Mr. Pacioli in his famous text Summa de Arithmetica, Geometria, Proportione et Proportionalite described a double entry system which ensured that financial information was recorded efficiently and accurately (Weygandt & Kieso & Kimmel 5). The accounting profession proliferated during the 19th century due to emergence of large corporation when the industrial revolution took off. Accountants represented the intermediaries that took control of the financial information to ensure there was a separation between the ownership and managerial staff of a company.
The profession continued to evolve in the 20th century. The financial services industry became very dependent of the work of accountants. Investors depended on the external information in particular the financial statements of public companies to make buy and sell decisions. The level of sophistication and complexity of the profession took off with the start of the information age and subsequent internet age in the 1980’s and 90’s. The workload and level of responsibility of accountants increased.

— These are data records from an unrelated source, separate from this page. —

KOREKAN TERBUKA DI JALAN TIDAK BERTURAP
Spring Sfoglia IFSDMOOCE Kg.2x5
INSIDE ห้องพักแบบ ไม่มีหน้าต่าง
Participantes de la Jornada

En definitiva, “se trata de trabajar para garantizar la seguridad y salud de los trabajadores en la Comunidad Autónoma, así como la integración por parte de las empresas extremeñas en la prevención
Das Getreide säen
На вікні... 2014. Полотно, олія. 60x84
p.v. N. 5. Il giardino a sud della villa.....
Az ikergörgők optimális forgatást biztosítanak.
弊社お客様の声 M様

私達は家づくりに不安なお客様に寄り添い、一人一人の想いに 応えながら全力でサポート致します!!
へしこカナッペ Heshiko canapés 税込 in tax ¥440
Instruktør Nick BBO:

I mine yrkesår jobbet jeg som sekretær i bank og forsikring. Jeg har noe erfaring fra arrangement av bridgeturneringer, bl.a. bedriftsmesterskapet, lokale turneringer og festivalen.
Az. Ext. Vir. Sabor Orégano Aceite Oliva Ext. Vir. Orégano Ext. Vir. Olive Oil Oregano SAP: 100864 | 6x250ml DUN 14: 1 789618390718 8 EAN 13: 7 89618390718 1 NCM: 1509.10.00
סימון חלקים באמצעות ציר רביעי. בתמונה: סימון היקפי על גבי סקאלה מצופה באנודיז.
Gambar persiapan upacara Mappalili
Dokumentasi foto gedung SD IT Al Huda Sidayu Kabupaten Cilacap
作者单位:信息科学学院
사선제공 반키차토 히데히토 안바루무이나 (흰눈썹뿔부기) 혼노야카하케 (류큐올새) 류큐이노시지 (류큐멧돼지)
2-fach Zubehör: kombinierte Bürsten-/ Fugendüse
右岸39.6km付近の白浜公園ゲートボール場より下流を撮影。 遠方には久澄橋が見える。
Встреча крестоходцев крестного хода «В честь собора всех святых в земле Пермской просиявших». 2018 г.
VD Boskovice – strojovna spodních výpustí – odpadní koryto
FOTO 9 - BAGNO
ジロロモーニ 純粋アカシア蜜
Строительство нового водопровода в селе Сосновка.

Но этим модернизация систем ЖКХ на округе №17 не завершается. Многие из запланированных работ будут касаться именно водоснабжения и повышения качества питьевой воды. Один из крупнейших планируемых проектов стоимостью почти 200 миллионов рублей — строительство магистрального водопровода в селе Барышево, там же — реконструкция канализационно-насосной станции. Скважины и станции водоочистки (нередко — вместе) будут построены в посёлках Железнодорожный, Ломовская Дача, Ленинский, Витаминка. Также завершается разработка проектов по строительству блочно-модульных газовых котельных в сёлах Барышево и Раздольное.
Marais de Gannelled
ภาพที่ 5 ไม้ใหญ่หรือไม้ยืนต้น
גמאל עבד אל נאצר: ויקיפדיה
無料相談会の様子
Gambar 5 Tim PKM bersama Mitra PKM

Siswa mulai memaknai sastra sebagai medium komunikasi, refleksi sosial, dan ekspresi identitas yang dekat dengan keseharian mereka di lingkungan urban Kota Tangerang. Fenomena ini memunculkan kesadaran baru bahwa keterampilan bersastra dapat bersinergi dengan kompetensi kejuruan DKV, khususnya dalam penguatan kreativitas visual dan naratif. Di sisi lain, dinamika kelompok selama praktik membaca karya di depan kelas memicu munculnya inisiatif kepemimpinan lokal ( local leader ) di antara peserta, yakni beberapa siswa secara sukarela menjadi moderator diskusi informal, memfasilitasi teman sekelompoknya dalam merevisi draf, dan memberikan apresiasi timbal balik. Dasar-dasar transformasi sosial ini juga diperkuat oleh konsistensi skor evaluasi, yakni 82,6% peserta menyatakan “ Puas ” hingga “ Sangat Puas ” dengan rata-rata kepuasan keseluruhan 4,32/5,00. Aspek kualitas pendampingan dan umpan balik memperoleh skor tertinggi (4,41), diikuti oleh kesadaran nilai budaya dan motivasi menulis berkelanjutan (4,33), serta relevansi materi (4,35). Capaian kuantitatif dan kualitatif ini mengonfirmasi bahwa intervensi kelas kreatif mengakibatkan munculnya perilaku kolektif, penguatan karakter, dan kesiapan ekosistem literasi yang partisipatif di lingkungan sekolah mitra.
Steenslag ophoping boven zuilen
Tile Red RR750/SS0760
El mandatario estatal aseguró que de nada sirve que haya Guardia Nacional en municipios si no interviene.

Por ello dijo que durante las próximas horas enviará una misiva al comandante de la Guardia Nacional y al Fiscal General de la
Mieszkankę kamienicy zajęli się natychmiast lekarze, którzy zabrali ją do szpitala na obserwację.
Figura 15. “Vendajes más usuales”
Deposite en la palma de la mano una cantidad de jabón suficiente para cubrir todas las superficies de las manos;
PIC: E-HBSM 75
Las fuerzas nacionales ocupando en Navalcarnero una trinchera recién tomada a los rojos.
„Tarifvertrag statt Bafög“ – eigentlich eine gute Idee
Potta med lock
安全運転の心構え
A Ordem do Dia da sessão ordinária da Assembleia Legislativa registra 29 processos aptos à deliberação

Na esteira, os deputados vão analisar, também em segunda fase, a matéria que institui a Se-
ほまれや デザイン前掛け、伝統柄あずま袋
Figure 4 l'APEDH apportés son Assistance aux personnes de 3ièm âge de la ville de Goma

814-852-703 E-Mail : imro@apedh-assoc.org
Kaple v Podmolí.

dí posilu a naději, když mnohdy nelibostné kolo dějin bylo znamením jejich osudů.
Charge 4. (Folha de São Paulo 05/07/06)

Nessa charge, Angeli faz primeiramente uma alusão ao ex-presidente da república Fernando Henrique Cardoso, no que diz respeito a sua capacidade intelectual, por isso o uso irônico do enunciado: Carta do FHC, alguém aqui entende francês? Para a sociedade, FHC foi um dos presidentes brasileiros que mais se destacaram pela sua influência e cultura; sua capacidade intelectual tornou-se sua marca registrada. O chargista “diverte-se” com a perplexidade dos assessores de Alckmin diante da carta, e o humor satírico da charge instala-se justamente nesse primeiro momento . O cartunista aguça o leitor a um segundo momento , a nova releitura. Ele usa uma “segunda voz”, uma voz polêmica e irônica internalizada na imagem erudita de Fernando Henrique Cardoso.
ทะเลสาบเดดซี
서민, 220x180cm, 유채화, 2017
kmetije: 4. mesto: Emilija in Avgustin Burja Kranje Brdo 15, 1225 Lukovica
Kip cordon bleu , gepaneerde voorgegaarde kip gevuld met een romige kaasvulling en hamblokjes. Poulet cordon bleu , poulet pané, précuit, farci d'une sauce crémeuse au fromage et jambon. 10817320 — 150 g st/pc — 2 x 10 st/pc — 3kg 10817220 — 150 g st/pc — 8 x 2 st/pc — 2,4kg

Managers started to rely more on them for advice about operational issues. The accounting profession is self regulated and accountants are expected to comply by the highest levels of ethical standards in their every day work. The logic utilized in accounting work is based on the general accepted accounting principles (GAAP). These principles are established by the Financial Accounting Standards Board (FASB) and by the Security and Exchange Commission (SEC). The accounting profession in the 21st endured a series of bad events that hurt the credibility of all professionals that work in the industry.
At the beginning of the 21st century there were numerous accounting scandals in American corporation that hurt the accounting and financial industry. Some of these companies ended up going bankrupt due to fraudulent financial activity and illegal accounting practices such as cooking up the numbers.